Coon Joshua J, Shabanowitz Jeffrey, Hunt Donald F, Syka John E P
Department of Chemistry, University of Virginia, McCormick Road, Charlottesville, VA 22908, USA.
J Am Soc Mass Spectrom. 2005 Jun;16(6):880-2. doi: 10.1016/j.jasms.2005.01.015. Epub 2005 Apr 14.

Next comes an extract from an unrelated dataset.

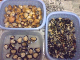 ねこみち家のダンナ様、潮干狩りシーズン突入です。 今日の獲物はあさり、アオヤギ、赤貝、トリ貝(ひとつ)、ミル貝(ひとつ)、マテ貝(ふたつ)。 獲物は採ってきた人がおいしく料理する、がねこみち家の掟。 ダンナ様が料理番。 あさりは砂抜きが必要なので明日のお楽しみ。 ミル貝はバターソテー、トリ貝は湯引きしてお刺身で。 アオヤギ、マテ貝はトマトソースでパスタに。 赤貝は佃煮に。 新鮮だからどれもおいしい~♪ ダンナ様が調理中、私は缶チューハイで乾杯してました。 今日で1件のサービスが終わったのでね。 家から自転車で片道20分。 私が訪問しているなかで一番遠いお宅だったので、終わってほっとしたような、寂しいような。 ほぼ1年訪問していたお宅なので、すっかりお互いに馴染んで仕事もやりやすかったのですが。 諸事情により今日が最後の日となりました。 会うは別れの始まり、と言いますが、しばらくはいろいろ思い出すでしょうね。

Ion/ion reactions of multiply deprotonated peptide anions with xenon radical cations result in electron abstraction to generate charge-reduced peptide anions containing a free-radical site. Peptide backbone cleavage then occurs by hydrogen radical abstraction from a backbone amide N to facilitate cleavage of the adjacent C-C bond, thereby producing a- and x-type product ions. Introduction of free-radical sites to multiply charged peptides allows access to new fragmentation pathways that are otherwise too costly (e.g., lowers activation energies). Further, ion/ion chemistry, namely electron transfer reactions, presents a rapid and efficient means of generating odd-electron multiply charged peptides; these reactions can be used for studying gas-phase chemistries and for peptide sequence analysis.
多去质子化肽阴离子与氙自由基阳离子的离子/离子反应会导致电子提取,生成含有自由基位点的电荷减少的肽阴离子。然后通过从主链酰胺N上提取氢自由基来促进相邻C-C键的断裂,从而产生a型和x型产物离子,进而发生肽主链裂解。将自由基位点引入多电荷肽中可开启新的碎片化途径,否则这些途径成本过高(例如,降低活化能)。此外,离子/离子化学,即电子转移反应,提供了一种快速有效的生成奇数电子多电荷肽的方法;这些反应可用于研究气相化学和肽序列分析。